== WORK ITEM ==
Write the entries again exactly, with no line missing.

[DATA IN THIS EXERCISE]

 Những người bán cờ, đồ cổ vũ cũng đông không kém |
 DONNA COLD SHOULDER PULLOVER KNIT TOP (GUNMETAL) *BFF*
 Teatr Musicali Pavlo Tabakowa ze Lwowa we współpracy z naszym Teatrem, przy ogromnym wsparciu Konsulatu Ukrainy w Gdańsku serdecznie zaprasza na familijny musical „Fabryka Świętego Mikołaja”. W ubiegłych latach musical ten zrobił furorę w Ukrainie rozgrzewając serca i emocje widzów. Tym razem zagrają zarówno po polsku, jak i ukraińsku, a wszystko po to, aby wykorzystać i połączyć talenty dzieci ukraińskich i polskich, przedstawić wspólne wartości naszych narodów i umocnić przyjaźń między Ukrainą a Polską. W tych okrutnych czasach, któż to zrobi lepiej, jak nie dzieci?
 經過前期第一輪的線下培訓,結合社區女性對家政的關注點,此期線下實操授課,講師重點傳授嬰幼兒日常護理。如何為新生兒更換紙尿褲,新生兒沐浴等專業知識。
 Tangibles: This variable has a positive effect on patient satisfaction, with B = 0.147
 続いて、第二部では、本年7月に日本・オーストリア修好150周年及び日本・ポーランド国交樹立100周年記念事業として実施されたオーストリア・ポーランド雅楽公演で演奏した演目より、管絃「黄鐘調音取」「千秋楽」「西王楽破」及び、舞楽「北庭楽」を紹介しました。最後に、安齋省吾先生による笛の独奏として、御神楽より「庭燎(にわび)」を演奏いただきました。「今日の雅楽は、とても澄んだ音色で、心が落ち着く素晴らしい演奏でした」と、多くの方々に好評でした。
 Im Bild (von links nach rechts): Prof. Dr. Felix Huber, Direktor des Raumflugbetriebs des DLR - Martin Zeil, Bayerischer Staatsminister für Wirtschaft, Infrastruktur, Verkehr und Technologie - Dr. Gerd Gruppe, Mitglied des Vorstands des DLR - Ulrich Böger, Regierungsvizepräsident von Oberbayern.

[/DATA IN THIS EXERCISE]

== ANSWER BELOW ==
 Những người bán cờ, đồ cổ vũ cũng đông không kém |
 DONNA COLD SHOULDER PULLOVER KNIT TOP (GUNMETAL) *BFF*
 Teatr Musicali Pavlo Tabakowa ze Lwowa we współpracy z naszym Teatrem, przy ogromnym wsparciu Konsulatu Ukrainy w Gdańsku serdecznie zaprasza na familijny musical „Fabryka Świętego Mikołaja”. W ubiegłych latach musical ten zrobił furorę w Ukrainie rozgrzewając serca i emocje widzów. Tym razem zagrają zarówno po polsku, jak i ukraińsku, a wszystko po to, aby wykorzystać i połączyć talenty dzieci ukraińskich i polskich, przedstawić wspólne wartości naszych narodów i umocnić przyjaźń między Ukrainą a Polską. W tych okrutnych czasach, któż to zrobi lepiej, jak nie dzieci?
 經過前期第一輪的線下培訓,結合社區女性對家政的關注點,此期線下實操授課,講師重點傳授嬰幼兒日常護理。如何為新生兒更換紙尿褲,新生兒沐浴等專業知識。
 Tangibles: This variable has a positive effect on patient satisfaction, with B = 0.147
 続いて、第二部では、本年7月に日本・オーストリア修好150周年及び日本・ポーランド国交樹立100周年記念事業として実施されたオーストリア・ポーランド雅楽公演で演奏した演目より、管絃「黄鐘調音取」「千秋楽」「西王楽破」及び、舞楽「北庭楽」を紹介しました。最後に、安齋省吾先生による笛の独奏として、御神楽より「庭燎(にわび)」を演奏いただきました。「今日の雅楽は、とても澄んだ音色で、心が落ち着く素晴らしい演奏でした」と、多くの方々に好評でした。
 Im Bild (von links nach rechts): Prof. Dr. Felix Huber, Direktor des Raumflugbetriebs des DLR - Martin Zeil, Bayerischer Staatsminister für Wirtschaft, Infrastruktur, Verkehr und Technologie - Dr. Gerd Gruppe, Mitglied des Vorstands des DLR - Ulrich Böger, Regierungsvizepräsident von Oberbayern.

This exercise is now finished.